With a Michael Bay-produced remake in the theatres and two months of real Friday the 13ths lined back-to-back, it's an auspicious time for Paramount to reissue "Deluxe Editions" of its first three Friday the 13th flicks. "Kill . . . Kill . . . Kill . . . Uncut," the back of the box to the 'un trumpets, and that really sez it all.
As scriptwriter Victor Miller notes in two separate bonus features, the primary intent behind the first Friday was to "rip off Halloween." Director/producer Sean Cunningham already had prior experience taking better films and turning 'em into durable low-rent fare — his 1972 Last House on the Left, done with a young Wes Craven, was a crassly energetic drive-in remake of Ingmar Bergman's classic art flick The Virgin Spring — though nobody expected Friday to spawn the franchise that would rise from the depths of Crystal Lake. As Porky's was to Animal House, so Friday the 13th was to Halloween: a dumbed-down amalgam of the elements that made the original low-budget sources so successful.

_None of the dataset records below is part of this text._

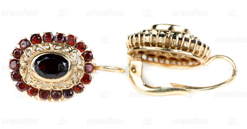 Золотые серьги с рубинами, изолированные на белом фоне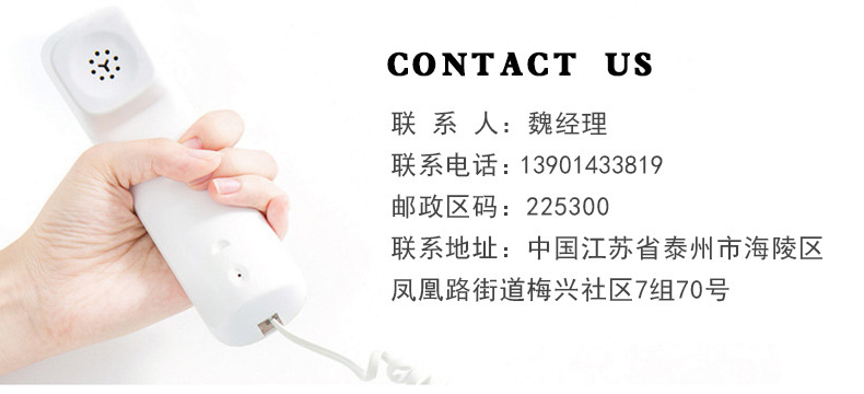 聯(lián)系地址:地址:中國 江蘇 泰州市 中國 江蘇 泰州市 海陵區(qū)鳳凰路街道梅興社區(qū)7組70號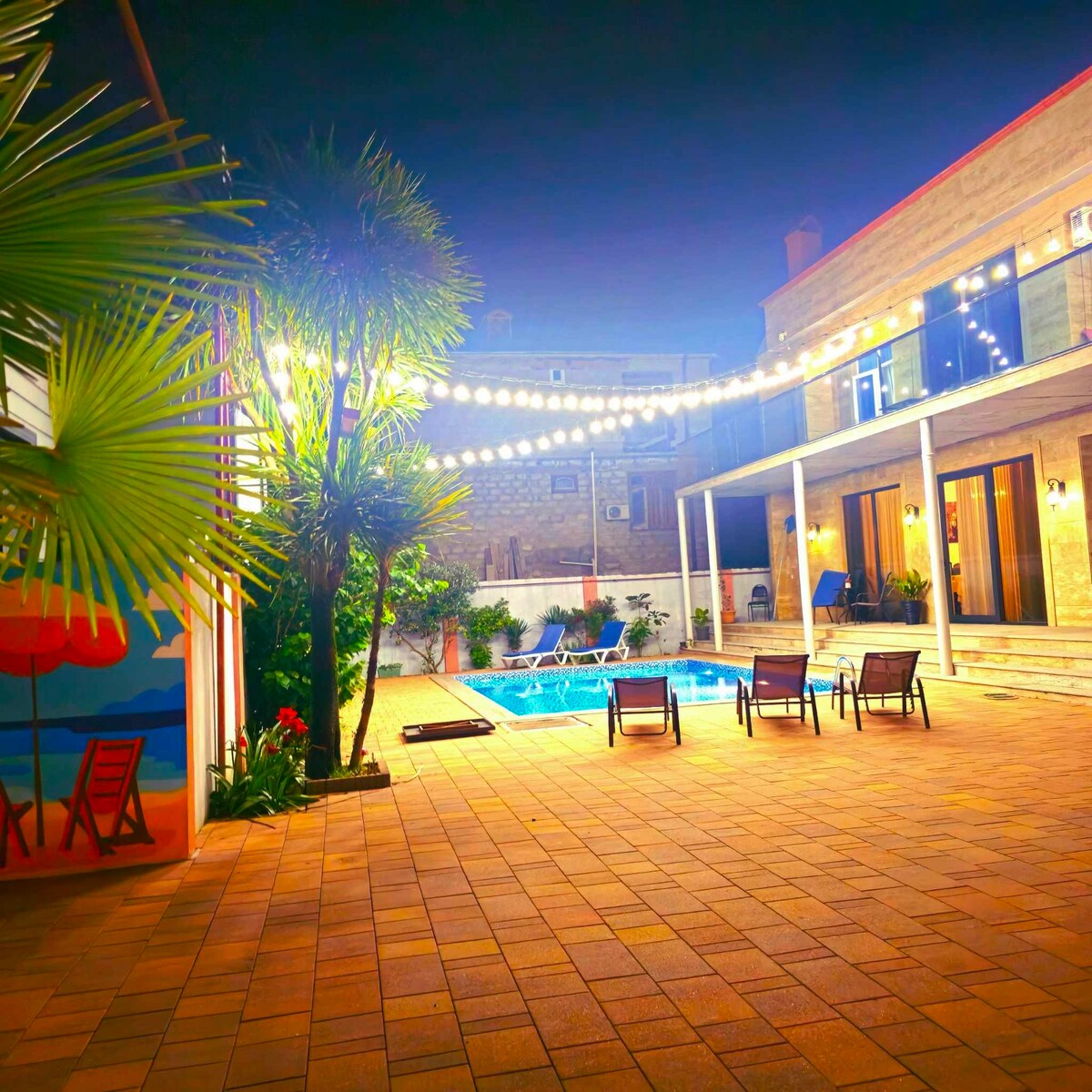 🌴🌴🌴🏊🏊🏊👙👙👙The pool is open all year round. The pool water is heated, even in the coldest time, to 26-30 degrees. A house with comfortable accommodation for 8 people. The house is located 15 minutes away from the center of Batumi and has a beautiful sea view. Inside the house, you will find: ✅A well-equipped kitchen ✅Three bedrooms and three bathrooms. ✅A TV, a washing machine, air conditioning in each bedroom, and a heating system.

In Friday's case, of course, the formula was simplicity itself: strand a batch of young and randy teenagers away from adult authority and then put them at the mercy of a seemingly omnipresent killer. (The only adult authority we meet before the denouement is a comic-relief cop who acts like he's wandered in from some sixties drive-in hillbilly comedy.) Let the closest-to-virginal — even if she's not averse to a game of Strip Monopoly — teen girl survive for the big face-to-face showdown with the killer. Kill off all the rest. Cunningham even managed to snag the child of Hollywood royalty for a role (Bing's son, Harry Crosby, who gets an arrow in his eye), though the part was not the ticket into a major career that Halloween would be for Jamie Lee Curtis.